* [Task prompt] Give the data again in full, without pictures.

* [Material provided]
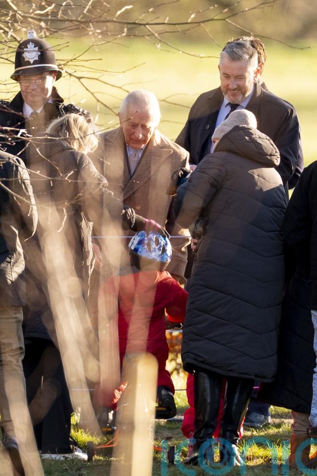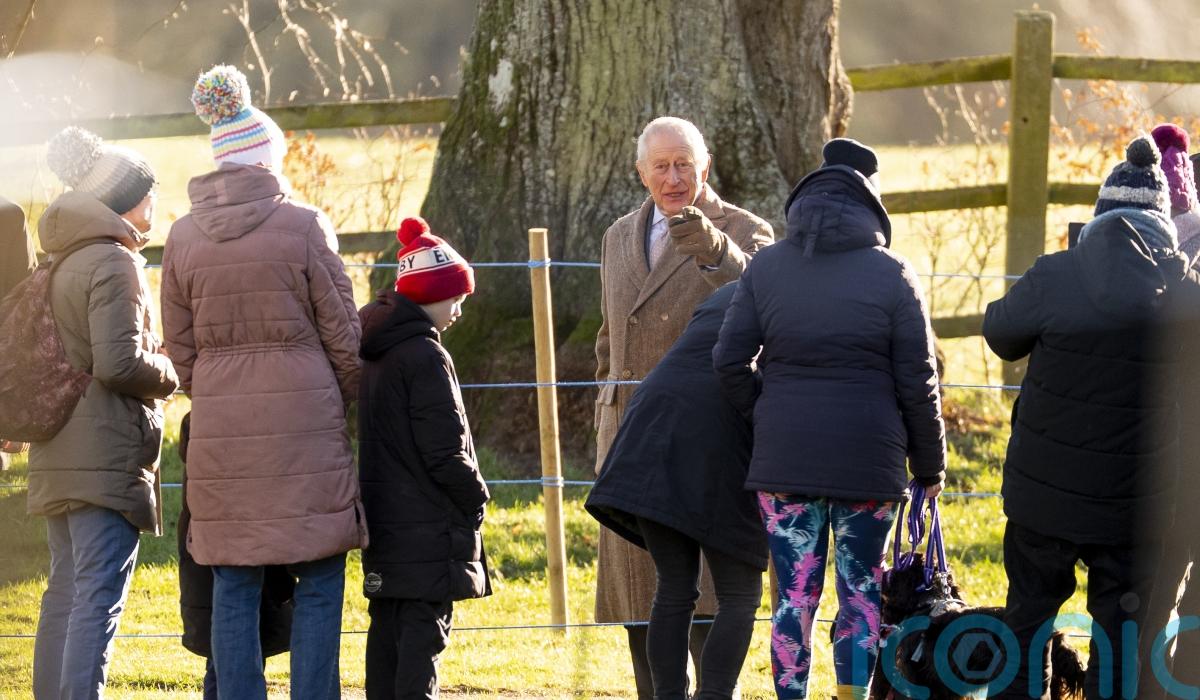 The King chatted to members of the public in the cold as he and the Queen attended a church service at Sandringham.
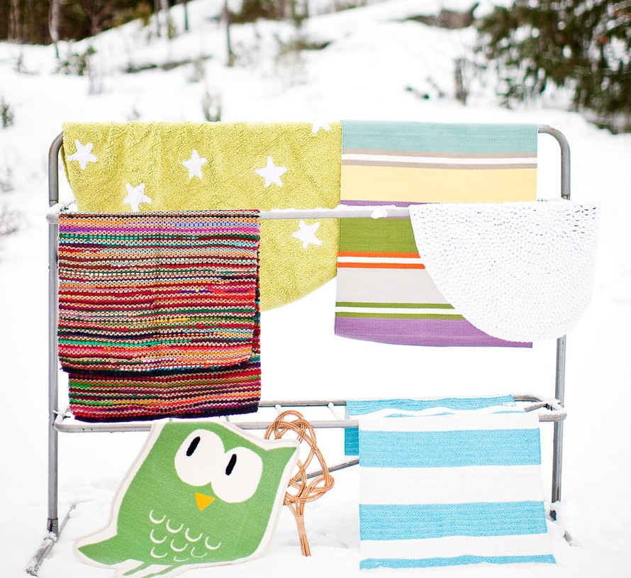 Kun viet maton ulos, älä laita sitä suoraan lumihangelle, vaan viilennä sitä ensin tamppaustelineessä tai vaikkapa tuolin päällä. Siten lumi ei sula mattoon eikä kostuta sitä turhaan. Kun matto on viilentynyt, laita se lumelle nukkapuoli alaspäin ja tamppaa varovasti.
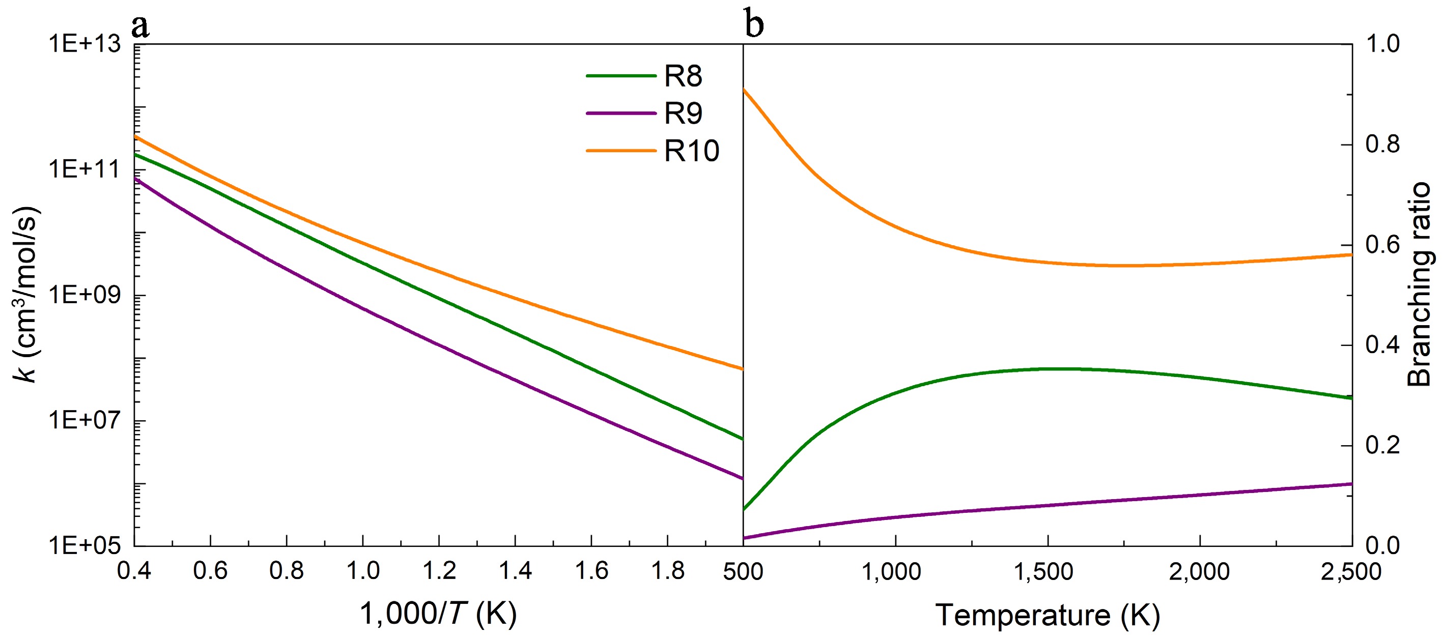 (a) Rate constants, and (b) branching ratios for the H-abstraction reactions of UDMH on the Hcis-CH3 sites, with NO2 attacking at 100 atm.

* [Output of the task]
 The King chatted to members of the public in the cold as he and the Queen attended a church service at Sandringham.
 Kun viet maton ulos, älä laita sitä suoraan lumihangelle, vaan viilennä sitä ensin tamppaustelineessä tai vaikkapa tuolin päällä. Siten lumi ei sula mattoon eikä kostuta sitä turhaan. Kun matto on viilentynyt, laita se lumelle nukkapuoli alaspäin ja tamppaa varovasti.
 (a) Rate constants, and (b) branching ratios for the H-abstraction reactions of UDMH on the Hcis-CH3 sites, with NO2 attacking at 100 atm.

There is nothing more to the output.